Do you need to test your current skills? 18.090 introduction to mathematical reasoning mit
: Students learn direct proofs, contradiction, induction, and contraposition.
This course serves as the bridge between computational calculus (like 18.01/18.02) and abstract mathematics (like 18.100 Real Analysis or 18.701 Algebra). It is designed to teach students how to write rigorous proofs and think abstractly.
Understanding how to group objects together based on shared characteristics, which lays the groundwork for modular arithmetic and modern algebra. 4. Cardinality and Infinity Do you need to test your current skills
: Demystifying logical statements using universal ( ∀for all ) and existential ( ∃there exists ) quantifiers.

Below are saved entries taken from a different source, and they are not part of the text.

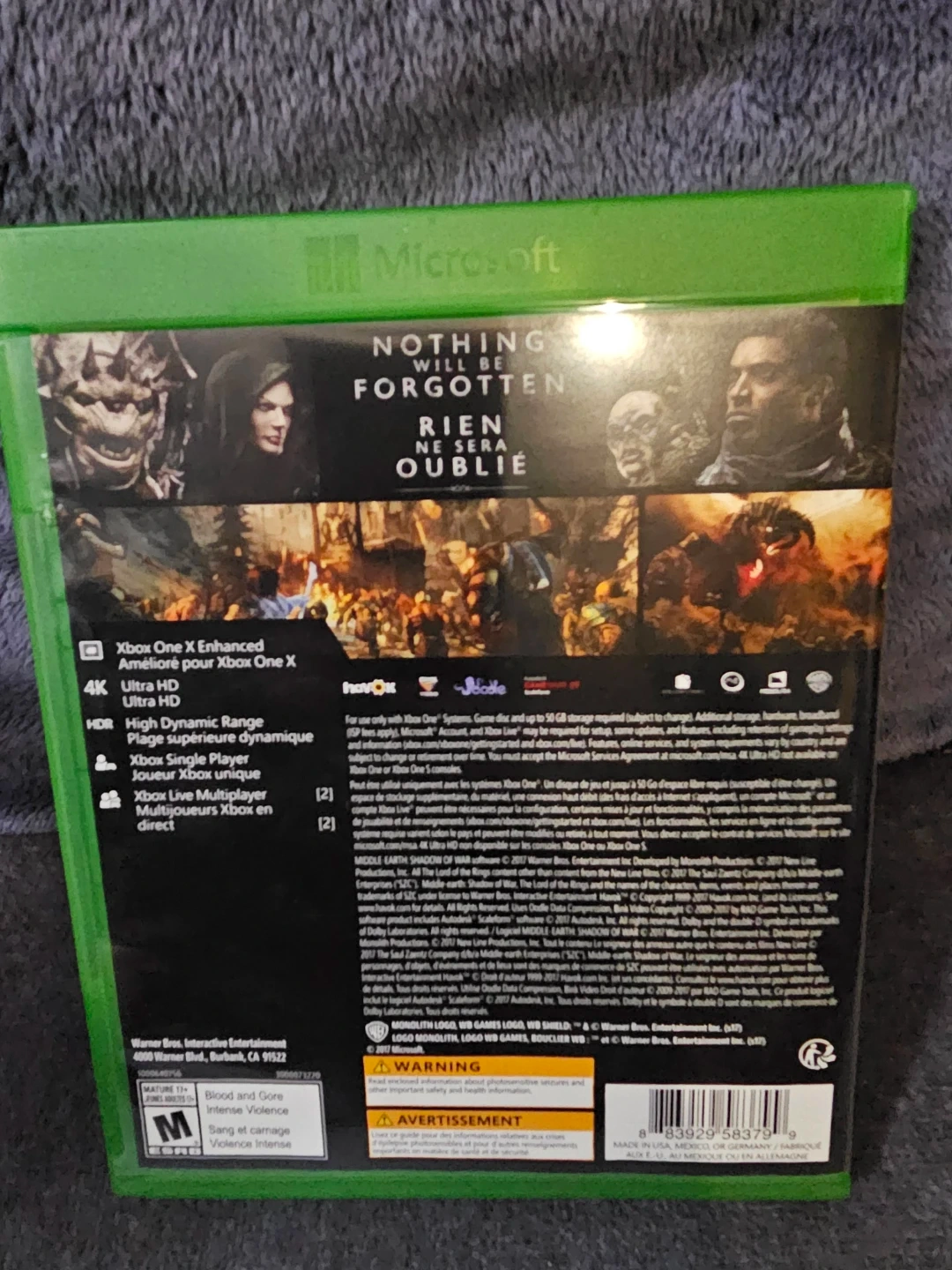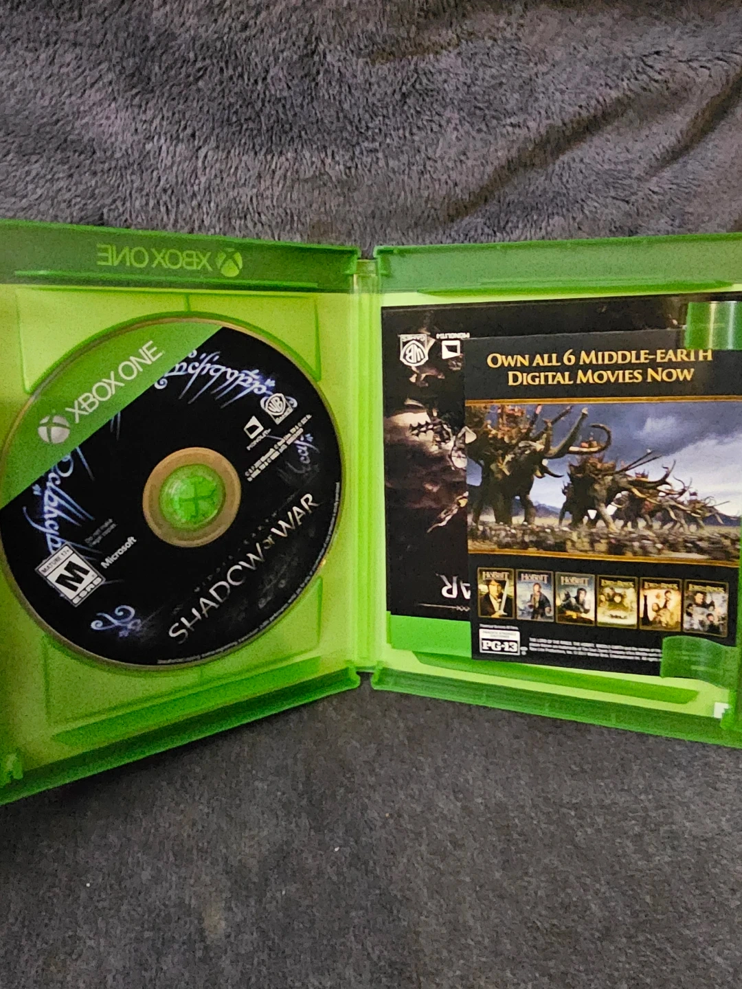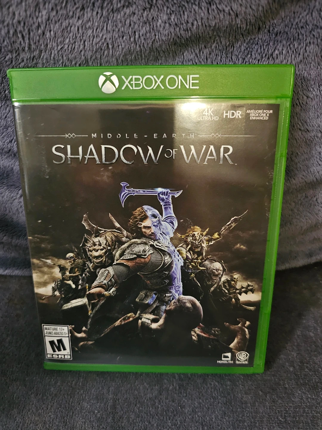 This is the Middle-earth: Shadow of War game for Xbox One. It supports 4K Ultra HD and HDR for enhanced visuals. Disc and case are included.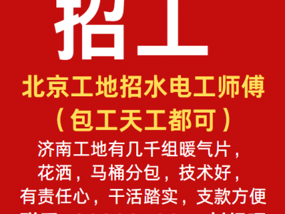 北京工地招水电工师傅(包工天工都可),济南工地有几千组暖气片,花洒,马桶分包,技术好,有责任心,干活踏实,支款方便,联系刘经理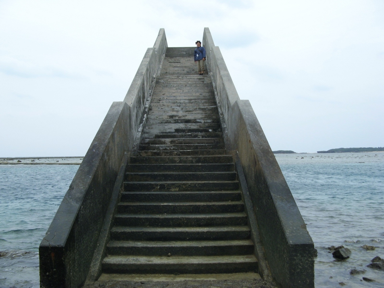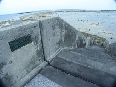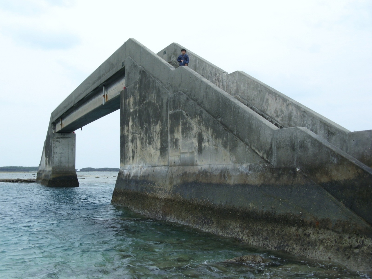 潮が満ちているときは海に歩道橋がある風景、でも干潮時はこの橋を利用すれば久米島から奥武島まで新奥武橋を使わないでも渡ることができます。

: Transitioning from concrete numbers to abstract sets, fields, and vector spaces. Syllabus and Foundational Topics
However, the Math Department recommends concurrent enrollment in —officially 18.02 (Multivariable Calculus)—to ensure students have a sufficient mathematical foundation. The department specifically designed 18.090 to be taken concurrently with 18.02 , making it an ideal entry point for students who have completed single-variable calculus and are eager to start proof-based work without delay. It is designed to teach students how to
You cannot skim a math textbook the way you skim a novel. Every word, comma, and symbol in a definition matters. When a theorem is presented, grab a piece of paper and try to sketch a small example to see why it works. Embrace the "Stuck" State
The course is primarily intended for students who want to build a solid foundation in mathematical proof construction
Divisibility, modular arithmetic, greatest common divisors (GCD), the Euclidean algorithm, and Bézout's identity. This is where you get your hands dirty with actual math.
For many students, transitioning from high school calculus to university-level mathematics feels like entering a completely different world. In introductory courses, math is often about computation, algorithms, and finding a numerical answer. High-level mathematics, however, is about structure, logic, and proof.